Quick Overview
- Independent trading for FedEx Freight kicks off June 1 under ticker FDXF on the NYSE
- Distribution ratio: one FDXF share per two FDX shares owned; FedEx maintains approximately 20% ownership
- When-issued trading shows FDXF around $185, though analysts suggest $275 valuation possible with Old Dominion-comparable multiples
- Medium-term outlook projects 4%–6% revenue expansion and 10%–12% operating profit advancement
- Parent company FDX stock carries Strong Buy consensus from 21 Wall Street analysts, averaging $423.15 price objective
The highly anticipated separation of FedEx Freight is reaching completion. This less-than-truckload (LTL) division launches as an independent entity Monday, June 1, trading under FDXF on the New York Stock Exchange.
FedEx Freight operates as the LTL division within FedEx, catering to commercial clients requiring transportation of freight across regional distances without necessitating full truckload capacity. The business competes directly with companies like Old Dominion Freight Line and XPO.
This divestiture has been progressing for some time. FedEx has been streamlining operations to concentrate on primary express shipping and logistics services, with Freight—despite its profitability—representing a relatively modest segment of the total enterprise.
FedEx Freight anticipates fiscal 2026 revenue reaching $8.7 billion alongside operating profit of $1.1 billion. For perspective, the parent FedEx organization projects approaching $94 billion in total sales during the same period.
Through when-issued transactions, FDXF shares have traded near the $185 mark. This represents preliminary market pricing ahead of official listing.
Understanding the Valuation Opportunity
The compelling aspect centers on industry comparisons. Old Dominion, widely regarded as the premier LTL operator, commands approximately 40 times forward earnings. FedEx overall trades around 18 times. This valuation disparity fundamentally justifies the spinoff strategy.
Should FDXF achieve valuation multiples consistent with Old Dominion, analyst projections place fair value near $275—representing nearly 50% appreciation from when-issued levels.

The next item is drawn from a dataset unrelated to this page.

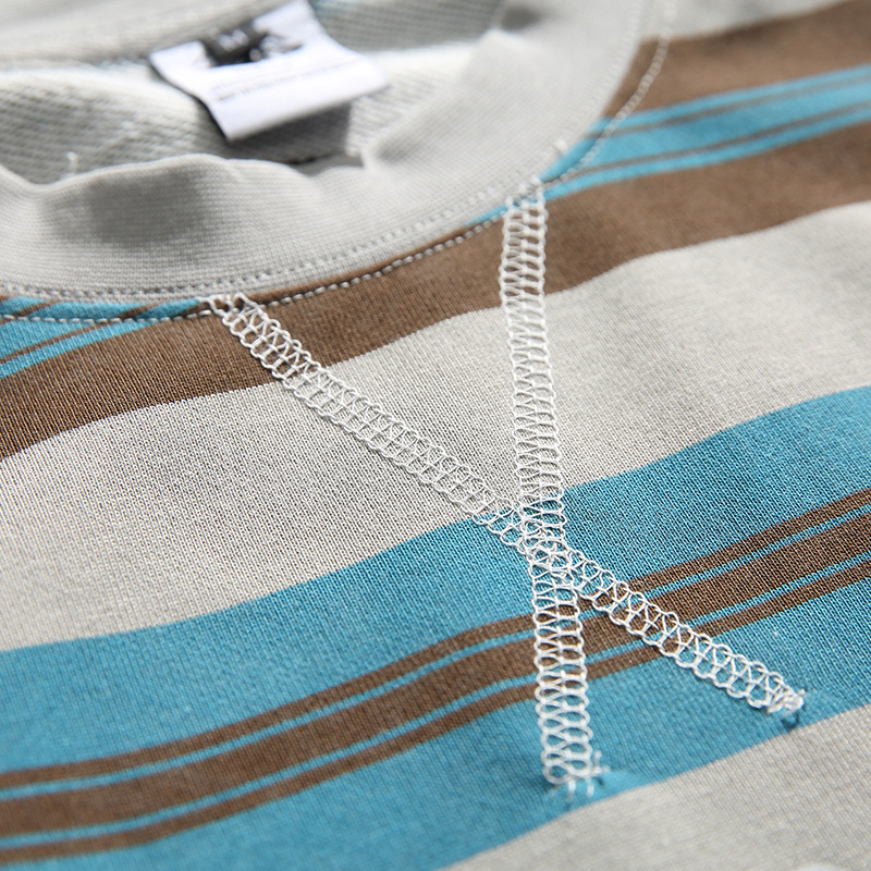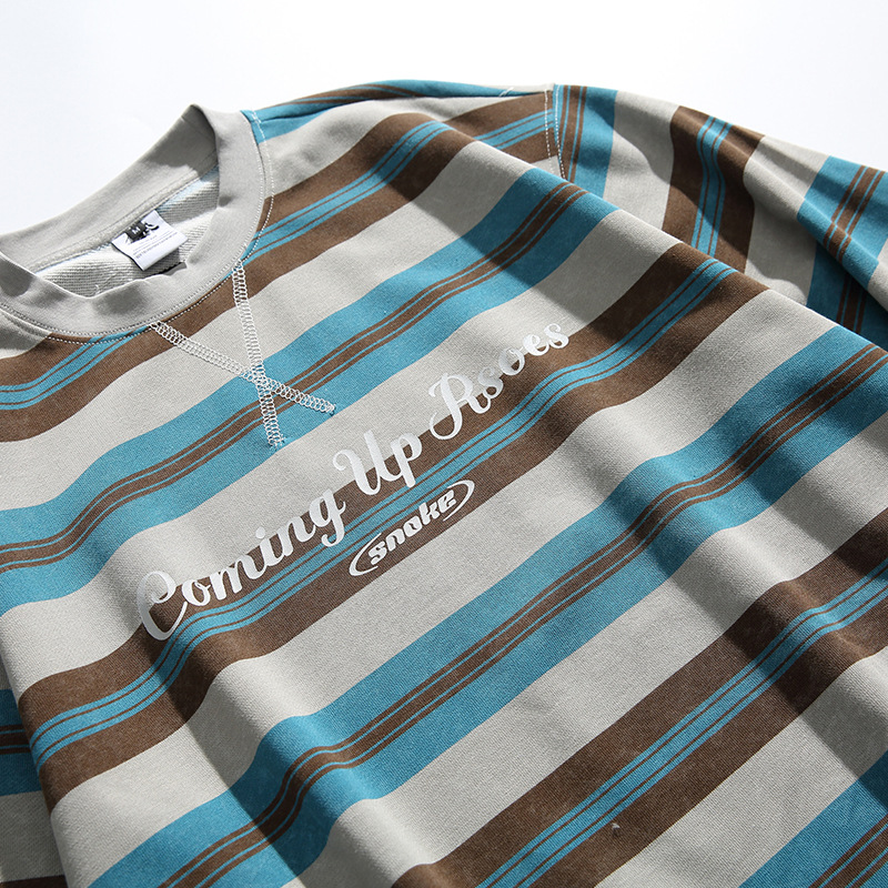 남부 여름 원피스 2025 봄 새로운 일본 빈티지 대조 둥근 목 땀 유행 커플 캐주얼 탑

Old Dominion maintains superior profitability metrics, however. Projections indicate roughly $1.5 billion operating profit from $5.7 billion revenue in 2026, delivering higher margins than FDXF currently achieves.
Narrowing this profitability differential becomes critical for FDXF to justify premium valuations. Management targets 10%–12% operating profit expansion over the medium term, which supports this objective.
By comparison, Old Dominion has delivered approximately 8% average annual operating profit growth over the preceding five years. Forward estimates anticipate roughly 11% growth—closely aligned with FDXF’s stated goals.
Shareholder Distribution Details
FedEx shareholders receive one FDXF share for each two FDX shares owned as of the established record date. FedEx retains approximately 20% ownership in the freight operation following completion.
FDX stock has demonstrated robust performance approaching this milestone—advancing more than 40% year-to-date and exceeding 80% gains over the trailing twelve months through Friday’s close.
Regarding analyst sentiment, FDX maintains a Strong Buy consensus among 21 Wall Street analysts, comprising 17 Buy ratings, 3 Hold ratings, and 1 Sell rating. The consensus price target stands at $423.15, suggesting approximately 3% appreciation potential from present levels.
FDXF commences official trading Monday, June 1.